El coronel Grishin llegó a la iglesia de Kulishki treinta minutos después. El inquieto sacerdote le estaba esperando con la frente perlada de sudor.
—¿Cuándo llegó?
—A las cuatro, sin avisar. Pero Su Santidad debía de estar esperándole. Me pidió que le hiciera pasar enseguida. Con su intérprete.
—¿Cuánto rato estuvieron juntos?
—Aproximadamente una hora. Les serví un samovar de té, pero se interrumpieron mientras yo estaba en la habitación.
—¿Escuchó detrás de la puerta?
—Lo intenté, coronel, pero no era fácil. El servicio de limpieza estaba cerca, las dos monjas. Y también su secretario particular el archidiácono.
—¿Qué consiguió oír?
—No demasiado. Hablaron mucho de un príncipe. El inglés proponía al patriarca un príncipe extranjero para alguna cosa. Oí la frase «la sangre de los Romanov» y «muy conveniente». El viejo habla quedo, aunque eso da igual; yo no sé inglés. Por suerte el intérprete habla más alto.
»El inglés era el que más hablaba. Su Santidad escuchaba. Les vi estudiar una especie de plano. Después tuve que irme. Luego llamé a la puerta y entré otra vez para preguntar si querían que les llenara el samovar. El patriarca estaba escribiendo una carta. Dijo que no y me despidió.

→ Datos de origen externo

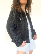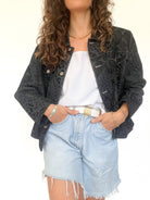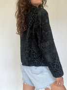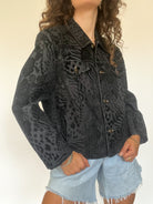 This jacket is a mood. With its tonal jacquard print mixing leopard, zebra and abstract florals, it’s all about quiet drama. The cropped boxy cut and metal buttons keep it grounded in the 90s. A standout vintage piece for when you want to make a statement without saying a word.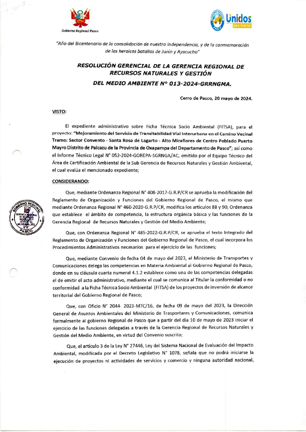 Según R.G. N° 013-2024-GRRNGMA se dio Conformidad de la Ficha Técnica Socio Ambiental (FITSA) del proyecto: “Mejoramiento del Servicio de Transitabilidad Vial Interurbana en Camino Vecinal Tramo: Sector Convento- Santa Rosa de Lagarto- Alto Miraflores de Centro Poblado Puerto Mayro Distrito de Palcazu de la Provincia de Oxapampa del Departamento de Pasco”.

Grishin se quedó pensativo. La palabra «príncipe» encajaba, aunque el ayuda de cámara no supiera dónde.
—¿Algo más?
—Sí, hubo una última cosa. Al marcharse, la puerta se abrió un poco. Yo les esperaba fuera con sus abrigos. Oí que el patriarca decía: «Intercederé ante nuestro presidente en funciones a la primera ocasión». Eso lo oí con claridad, fue la única frase completa que pude oír.
Grishin sonrió al padre Máxim.
—Me temo que el patriarca está conspirando con extranjeros contra nuestro futuro presidente. Es muy triste, porque no les servirá de nada. Estoy seguro de que Su Santidad tiene buenas intenciones. Pero se equivoca. Después de las elecciones no habrá que pensar más en estas tonterías. Pero a usted, amigo mío, sí que no lo olvidaré. Cuando estuve en el KGB aprendí a diferenciar un traidor de un patriota. A los traidores se les puede perdonar en un momento dado. Por ejemplo, el patriarca. Pero un verdadero patriota siempre obtiene su recompensa.
—Muchas gracias, coronel.
—¿Algún día tiene libre?
—Sí, una tarde a la semana.
—Cuando pasen las elecciones, venga a cenar a uno de nuestros campamentos. Los jóvenes combatientes son muchachos rudos pero de buen corazón. Y por supuesto están en muy buena forma. Todos tienen de quince a diecinueve años. A los mejores los llevamos a la Guardia Negra.
—Eso sería muy… agradable.
—Y naturalmente pasadas las elecciones pienso sugerir al presidente Komárov que los guardias negros y los jóvenes combatientes necesitan un capellán honorario. Para lo cual será necesario el rango de obispo.
—Es usted muy amable, coronel.
—Tendrá ocasión de comprobarlo, padre Máxim. Y ahora regrese a la residencia. Manténgame informado. Será mejor que coja esto. Ya sabrá usted qué hacer con ello.
Cuando el religioso se hubo ido, Grishin ordenó a su chófer que le llevara al National. Ya iba siendo hora, pensó, de que el occidental entremetido y el maldito americano aprendieran cómo las gastaban en el Moscú moderno.